> Exercise instructions
All lines in the records below from the line with "EXAIR 新型迷你萬向接頭" through the line with "Il sindaco Diego" are to be given again exactly, both ends included; the pictures are to be left out.

> Entries shown

****

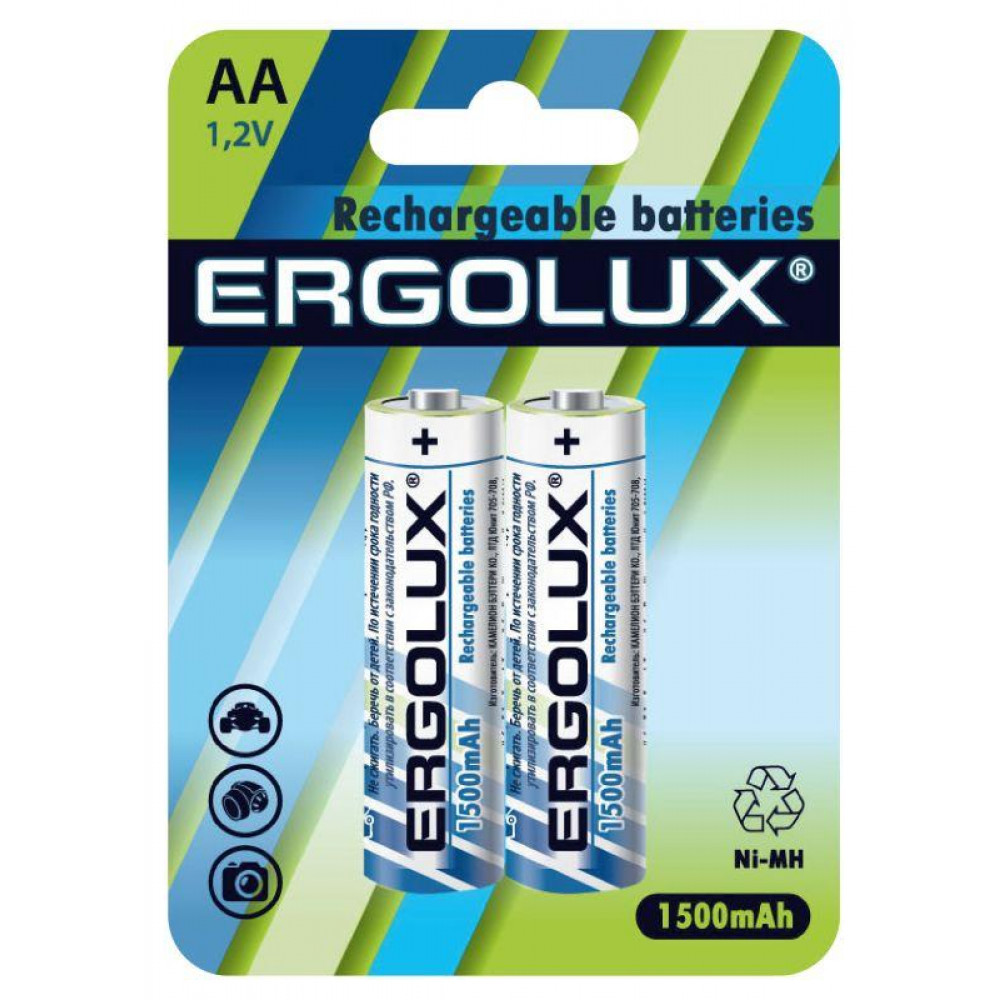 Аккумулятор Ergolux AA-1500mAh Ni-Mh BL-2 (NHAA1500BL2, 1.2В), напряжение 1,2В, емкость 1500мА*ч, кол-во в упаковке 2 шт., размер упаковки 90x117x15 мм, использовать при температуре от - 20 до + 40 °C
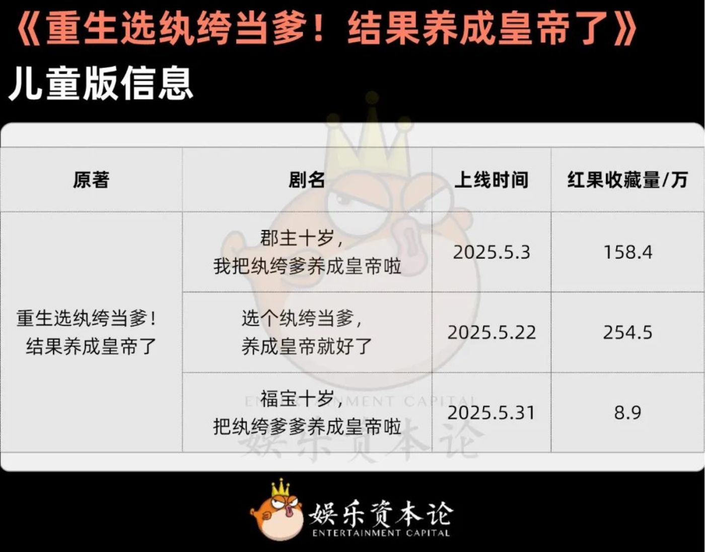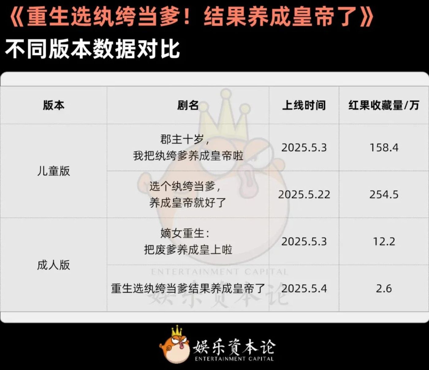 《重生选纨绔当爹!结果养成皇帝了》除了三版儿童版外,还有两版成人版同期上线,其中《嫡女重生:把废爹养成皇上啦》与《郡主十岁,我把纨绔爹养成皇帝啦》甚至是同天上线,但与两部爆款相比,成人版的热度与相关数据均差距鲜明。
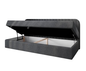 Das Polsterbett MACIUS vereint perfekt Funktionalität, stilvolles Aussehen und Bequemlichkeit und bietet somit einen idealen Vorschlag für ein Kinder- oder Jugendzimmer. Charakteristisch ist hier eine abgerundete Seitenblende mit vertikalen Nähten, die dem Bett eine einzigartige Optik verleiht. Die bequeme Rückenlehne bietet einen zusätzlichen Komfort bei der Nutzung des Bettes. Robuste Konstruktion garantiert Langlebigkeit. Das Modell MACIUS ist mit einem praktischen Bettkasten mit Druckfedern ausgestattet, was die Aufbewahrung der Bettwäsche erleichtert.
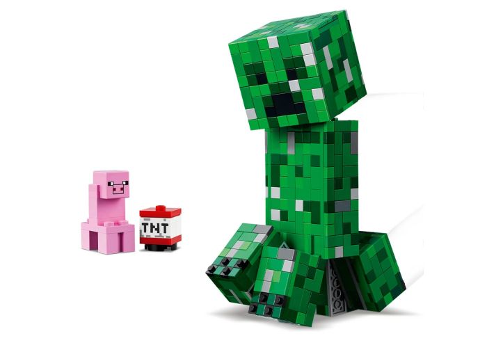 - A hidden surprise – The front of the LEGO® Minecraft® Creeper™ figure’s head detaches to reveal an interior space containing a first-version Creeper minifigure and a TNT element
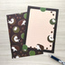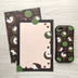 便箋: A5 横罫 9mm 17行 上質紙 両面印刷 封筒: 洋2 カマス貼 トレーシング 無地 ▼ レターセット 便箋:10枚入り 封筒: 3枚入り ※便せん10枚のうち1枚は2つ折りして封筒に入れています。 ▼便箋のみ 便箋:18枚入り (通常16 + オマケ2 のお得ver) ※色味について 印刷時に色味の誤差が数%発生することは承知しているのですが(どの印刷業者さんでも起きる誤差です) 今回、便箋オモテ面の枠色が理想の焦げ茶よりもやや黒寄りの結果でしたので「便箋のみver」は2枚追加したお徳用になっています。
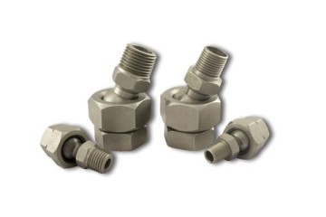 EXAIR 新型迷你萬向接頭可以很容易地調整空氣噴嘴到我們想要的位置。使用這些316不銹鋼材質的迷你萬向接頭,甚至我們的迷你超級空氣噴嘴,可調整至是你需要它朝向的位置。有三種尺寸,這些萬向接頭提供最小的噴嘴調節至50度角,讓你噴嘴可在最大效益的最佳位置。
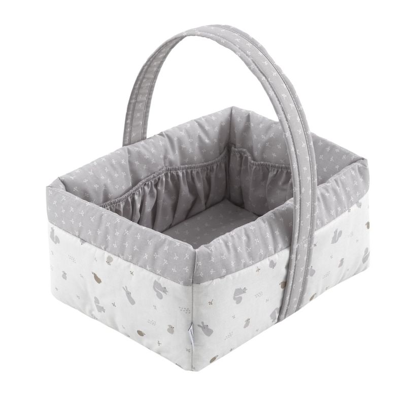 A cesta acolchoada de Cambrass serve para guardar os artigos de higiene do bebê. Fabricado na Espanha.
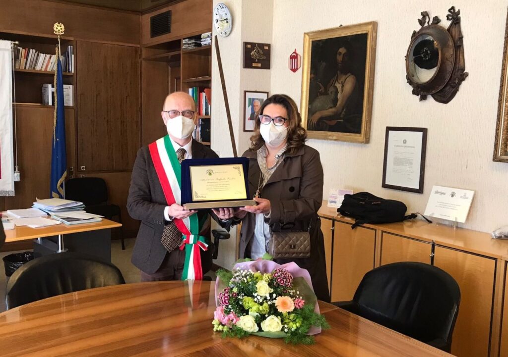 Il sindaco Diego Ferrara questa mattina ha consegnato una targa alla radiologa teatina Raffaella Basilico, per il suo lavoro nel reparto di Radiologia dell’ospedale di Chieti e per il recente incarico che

****

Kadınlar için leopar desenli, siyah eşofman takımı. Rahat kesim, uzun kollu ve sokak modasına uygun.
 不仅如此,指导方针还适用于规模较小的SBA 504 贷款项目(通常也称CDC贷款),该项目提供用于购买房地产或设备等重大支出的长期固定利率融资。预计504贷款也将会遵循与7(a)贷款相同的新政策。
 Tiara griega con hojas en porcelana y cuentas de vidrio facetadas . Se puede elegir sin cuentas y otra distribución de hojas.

****

> Exercise solution
 EXAIR 新型迷你萬向接頭可以很容易地調整空氣噴嘴到我們想要的位置。使用這些316不銹鋼材質的迷你萬向接頭,甚至我們的迷你超級空氣噴嘴,可調整至是你需要它朝向的位置。有三種尺寸,這些萬向接頭提供最小的噴嘴調節至50度角,讓你噴嘴可在最大效益的最佳位置。
 A cesta acolchoada de Cambrass serve para guardar os artigos de higiene do bebê. Fabricado na Espanha.
 Il sindaco Diego Ferrara questa mattina ha consegnato una targa alla radiologa teatina Raffaella Basilico, per il suo lavoro nel reparto di Radiologia dell’ospedale di Chieti e per il recente incarico che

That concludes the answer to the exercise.